Claus debuteerde in 1950 als romanschrijver met De Metsiers, een boek waarover in het Clausarchief zo goed als niets bewaard bleef. Drukproeven waren al te vinden in het archief van het Nieuw Vlaams Tijdschrift en een getypte versie uit 1948, nog met de titel De eendenjacht, bleef bewaard in het archief van Jan Walravens. Het typoscript dat nu aan het archief werd toegevoegd, bevat de tekst uit 1948 met talloze handgeschreven correcties en meerdere nieuwe passages. Claus stuurde dit pakket in 1961 naar Ivo Michiels en schreef in de begeleidende brief: 'Het ms. van De Metsiers is eigenlijk het tweede, er was eerst een geschreven versie, maar die is ergens zoek geraakt'. Op het mapje had hij genoteerd: ‘1e getypte versie’, het kon alleen maar bijdragen aan de mythevorming over zijn debuut. Het typoscript laat in elk geval toe om nieuw onderzoek naar Claus’ debuutroman te verrichten.

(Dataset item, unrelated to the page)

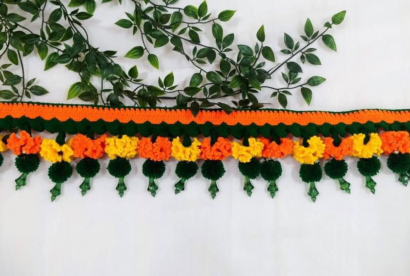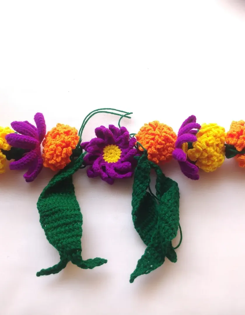 Bring the beauty of flowers to your home with these crocheted floral torans that never wilt. I make designs with marigolds (Zendu), lilies, and other flowers in vibrant colors. Since they are made from acrylic yarn, you can wash and reuse them for every festival.

De aanwinsten van dit najaar zijn ook belangrijk voor het onderzoek naar de toneelauteur Claus. In 1973 schreef hij Pas de deux, hij regisseerde het stuk dat jaar zelf in de Haarlemse stadsschouwburg. Van de tekst van Pas de deux bleven twee versies bewaard: een eerste kladversie waarin van een aantal scenes enkel de opzet uitgeschreven is en een tweede zo goed als definitieve speelversie. De twee handschriften laten ook zien hoe Claus de namen van de personages tijdens het schrijfproces wijzigde.
In 1999 – het jaar waarin Claus zeventig werd – publiceerde uitgeverij De Bezige Bij twee volumes met de verzamelde toneelteksten van Hugo Claus. De editie bevatte 29 teksten, enkel Masscheroen ontbrak. De auteur had voor deze heruitgave al zijn theaterteksten gereviseerd. Hij gebruikte oudere uitgaven waarvan hij de kaft verwijderde. In de tekst bracht hij tal van correcties aan: woorden of volledige replieken werden geschrapt, woorden werden vervangen. Dit uitgebreide pakket kon eveneens aan het Clausarchief toegevoegd worden.